C++ tolower on special characters such as ü


I have trouble transforming a string to lowercase with the tolower() function in C++. With normal strings, it works as expected, however special characters are not converted successfully.

How I use my function:

string NotLowerCase = "Grüßen";
string LowerCase = "";
for (unsigned int i = 0; i < NotLowerCase.length(); i++) {
    LowerCase += tolower(NotLowerCase[i]);
    }

For example:

  1. Test -> test
  2. TeST2 -> test2
  3. Grüßen -> gr????en
  4. (§) -> ()

3 and 4 are not working as expected as you can see

How can I fix this issue?

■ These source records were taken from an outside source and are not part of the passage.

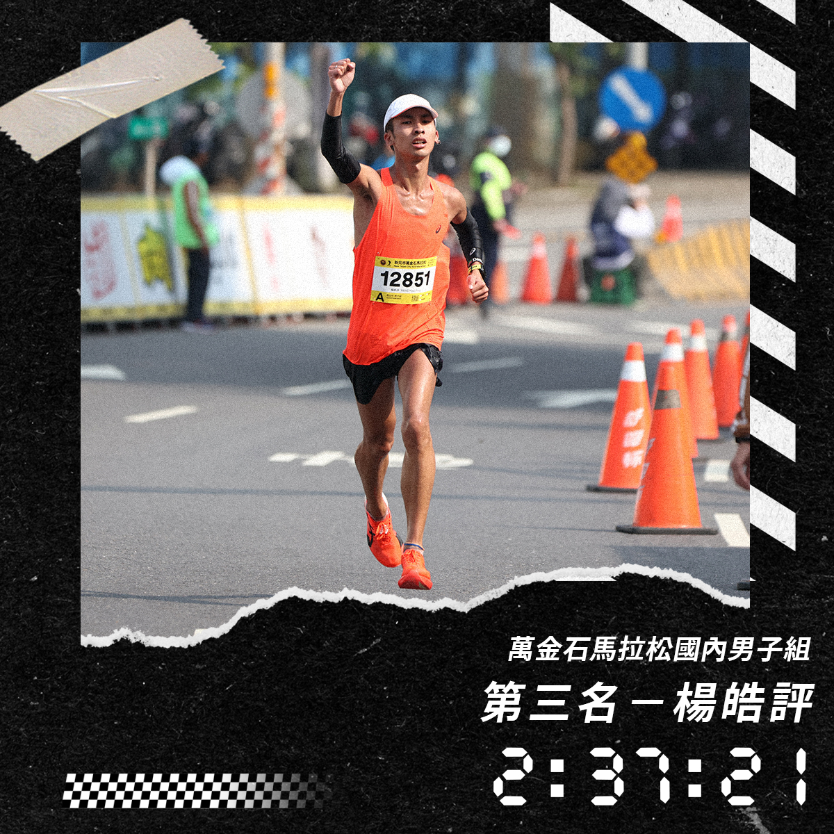 賽事進到 30 公里時,皓評的前大腿已經有點痠痛,而接下來又即將面對魔王「麥當勞坡」,他再次跟華凡喊話:「我們可以的!再撐一下,這個撐完就沒了!」挺過麥當勞坡後,一路伴隨他的華凡開始加速朝終點奔去,皓評知道接下來的路程要獨自堅強了,儘管小腿已經快抽筋,他仍然趕緊調整跑姿,邁開步伐向前推進。比賽最終教練周庭印以 02:24:43 拿下國內男子冠軍,黃華凡以 02:36:20 摘下國內男總二,楊皓評則以 02:37:21 順利奪下國內男子第三。
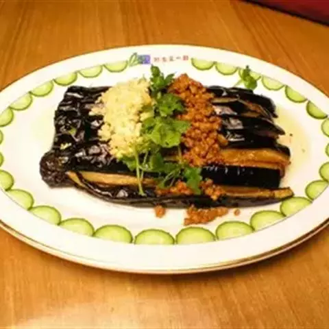 【配方】茄子5个,猪肉70克,酱油10克。
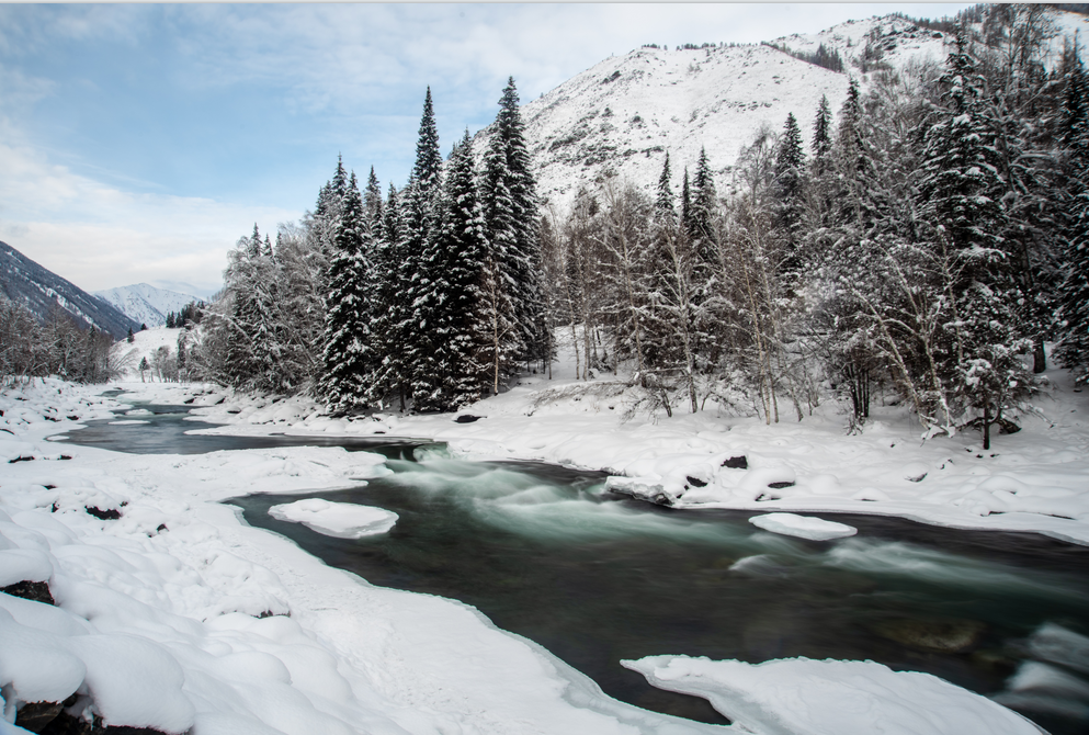雪峰、森林、草地、河流
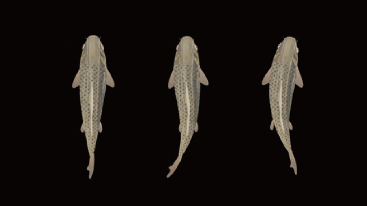 白い着物をデジタルで「化かす」——これが構成の出発点です。映像素材のモチーフには、山口美術織物が扱う伝統的な和柄——「稲穂」「孔雀」「登り鯉」「乱れ菊」などを選定し、モーショングラフィックスとして再構築しました。
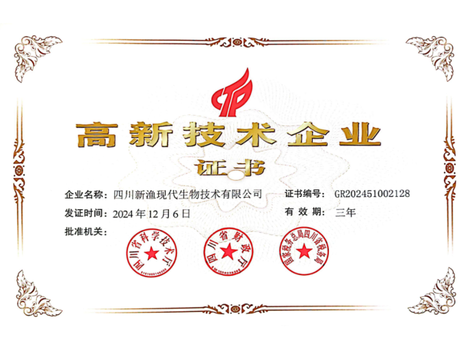 新漁生物順利通過(guò)政府高新技術(shù)企業(yè)認證授牌
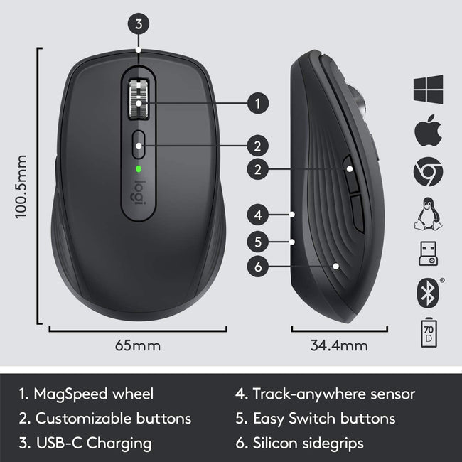 Logitech Mouse MX Anywhere 3 Compact Performance Mouse, Wireless, Comfort, Fast Scrolling, Any Surface, Portable, 4000DPI, Customizable Buttons, USB-C, Bluetooth - (Graphite)

I have to keep the special chars, but as lowercase.


Solution

  • The sample code (below) from tolower shows how you fix this; you have to use something other than the default "C" locale.

    #include <iostream>
    #include <cctype>
    #include <clocale>
    
    int main()
    {
        unsigned char c = '\xb4'; // the character Ž in ISO-8859-15
                                  // but ´ (acute accent) in ISO-8859-1 
    
        std::setlocale(LC_ALL, "en_US.iso88591");
        std::cout << std::hex << std::showbase;
        std::cout << "in iso8859-1, tolower('0xb4') gives "
                  << std::tolower(c) << '\n';
        std::setlocale(LC_ALL, "en_US.iso885915");
        std::cout << "in iso8859-15, tolower('0xb4') gives "
                  << std::tolower(c) << '\n';
    }
    

    You might also change std::string to std::wstring which is Unicode on many C++ implementations.

    wstring NotLowerCase = L"Grüßen";
    wstring LowerCase;
    for (auto&& ch : NotLowerCase) {
        LowerCase += towlower(ch);
        }
    

    Guidance from Microsoft is to "Normalize strings to uppercase", so you might use toupper or towupper instead.

    Keep in mind that a character-by-character transformation might not work well for some languages. For example, using German as spoken in Germany, making Grüßen all upper-case turns it into GRÜESSEN (although there is now a capital ). There are numerous other "problems" such a combining characters; if you're doing real "production" work with strings, you really want a completely different approach.

    Finally, C++ has more sophisticated support for managing locales, see <locale> for details.